The second claim I'll make is that the stable set on a cube also forms a "tetrahedral pattern" in space. Let's use the unit cube whose vertices are {(0,0,0), (0,0,1), (0,1,0), (0,1,1), (1,0,0), (1,0,1), (1,1,0), (1,1,1)}. One of the stable sets of this cube is {(0,0,0), (0,1,1), (1,0,1), (1,1,0)}. Clearly, any two of these points are a distance sqrt(2) apart. So the stable set forms a tetrahedral pattern in space.

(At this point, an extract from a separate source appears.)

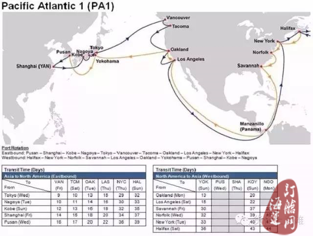 为提升链接亚、美、欧网络的船期可靠度,将提升PA1航线服务,靠港次序为釜山、上海(洋山)、神户、名古屋、东京、温哥华、塔科马、奥克兰、洛杉矶、巴拿马运河、曼萨尼约(巴拿马)、纽约、哈利法克斯、南安普敦、安特卫普、不来梅港、鹿特丹、哈利法克斯、纽约、诺福克、萨瓦纳、曼萨尼约(巴拿马)、巴拿马运河、洛杉矶、奥克兰、横滨、釜山。
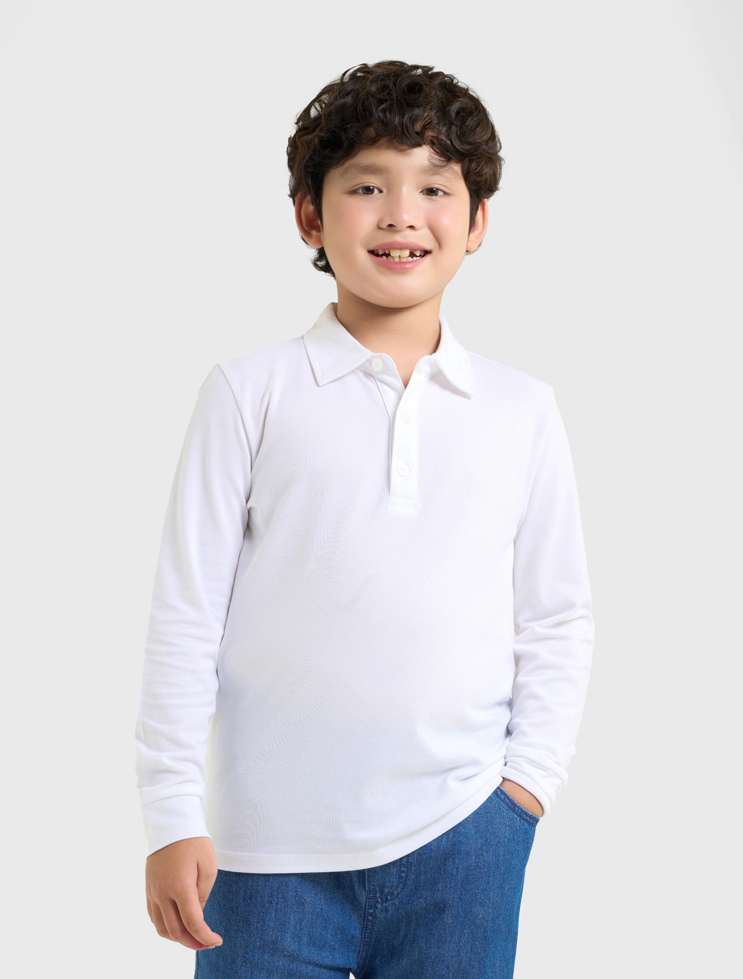 Áo polo bé trai dài tay dáng regular, chất liệu lacoste pha mềm mại, khỏe khoắn, phù hợp cho bé đi học, đi chơi.

The great thing about that is that by magnifying, rotating and translating one tetrahedral pattern of points, we can move them around so they cover up another tetrahedral pattern. So by magnifying, rotating and translating our unit cube we can cover up the 4 circle centres with the 4 vertices in cube's stable set, without our cube losing that lovely "cube shape." Therefore it is possible for a cube to incorporate the centres of 4 circles which all "just touch each other."

(I may have botched the calculation, but I believe the volume of the cube we want is sqrt(6) / 36. I will have to double check.)

Nice job!

Well done ! I believe your proof boils down to saying that a tetrahedron can be formed by joining the ends of diagonals perpendicular to each other from two opposite faces of a cube.